Differential Abundances
To visualize differential abundances, you will need to format the profile so that it does not reflect the single abundance of a single sample, but rather, the processed results of a differential analysis of many samples in multiple biological conditions. How to analyze microbiome data for a differential abundance analysis is outside the scope of this manual, but you the paper from Quinn et al., βA Field Guide for the Compositional Analysis of Any-Omics Dataβ is a good place to start:
Visualizing a compositional analysis of two conditions using a microbiome map would require that the input profile represent the taxons that are found to be differentially expressed, and the abundance field in the input format would not be a raw abundance value, but rather, the clr-transformed ratios of the sample, or the adjusted p-value of a statistical test. The format would be the same as before.
Microbiome Maps
We use a technique called the Hilbert curve visualization (HCV) to visualize the microbial community abundance profiles of a large number of genomes. These profiles contain the relative abundance measurements of thousands of genomes, and they are ordered along a space-filling curve in a 2D square using the Hilbert curve, making it possible to visualize the profile of a single metagenomic sample. In the resulting Hilbert image, each position is a genome from the reference database, and the intensity of the position's color value represents the abundance of a genome in the sample.
Depending on the ordering of the genomes that is selected, different microbial neighborhoods are created, allowing for different interpretations of the clusters of bright segments, i.e., hotspots, of abundant genomes in the images. Fixing the position of a genome results in visualizations that allow for quick comparisons of the abundance of the same genome or sets of genomes in multiple microbiome samples.

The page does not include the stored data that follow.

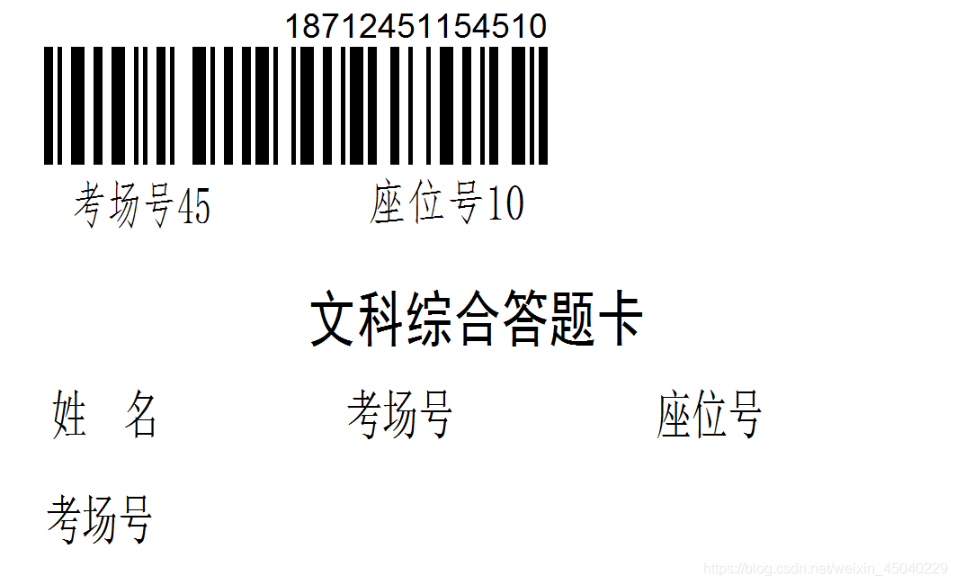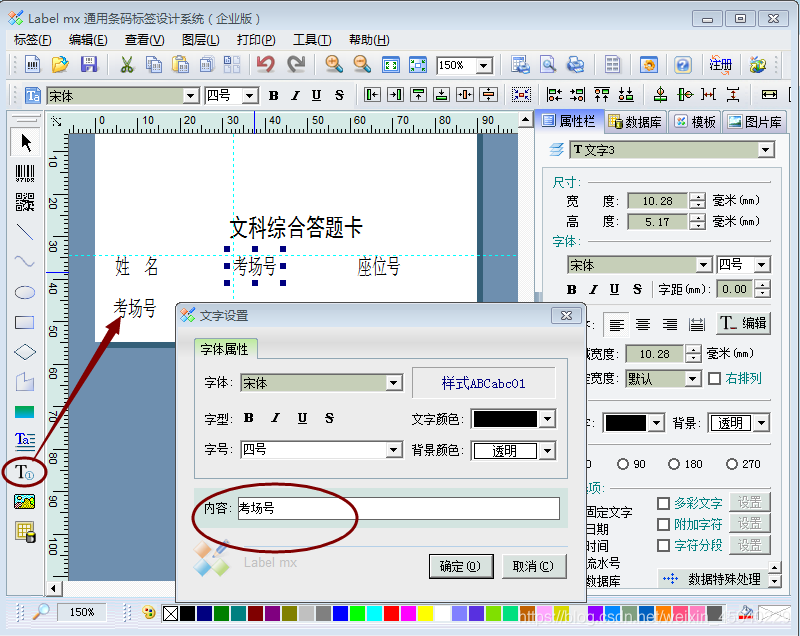 4.条码下方的文字,仍然使用文字工具进行输入。最后带有条码、座位号、考场号信息的答题卡标签就完成了。
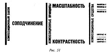 Композиционный закон соподчинения упорядочивает все смысловые и формообразующие стороны композиции в соответствии с их значимостью в произведении. Действует также на основе всех композиционных принципов, но имеет и свои, которыми являются масштабность и контрастность, как это показано на схеме (рис. 51).
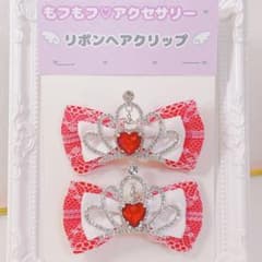 【791】 地雷系 量産型 推し色 ティアラリボンヘアクリップ レッド
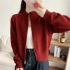Short design zipper semi-turtleneck knitted cardigan women's small casual simple solid color sweater jacket

The color intensity of each position in the image represents the abundance of one microbial genome. Groups of segments are labeled by the common taxonomic groups induced by the ordering of the taxa with the Hilbert curve.
Microbial Neighborhoods
Different linear orderings produce different Hilbert visualizations, with each resulting in clusters of related microbes along neighboring regions in the 2D plane. The clustering creates unique areas that resemble community neighborhoods, and they represent microbes belonging to either the same taxonomic group, or the same biological condition β the idea being that they are clustering around a common scheme (taxonomic or biological).
Multiple 1D linear orderings can exists, but our current version of the software uses two: 1) a taxonomic order, and 2) a user-defined biological condition ordering. Ordering genomes using a taxonomic order is based on a genome's taxonomic lineage. In this ordering, pairs of taxa belonging to the same taxonomic group are placed close to each other along the curve, and consequently, close to each other in the Hilbert image. Ordering genomes using a user-defined order allows users to define their own orderings based on their experimental conditions.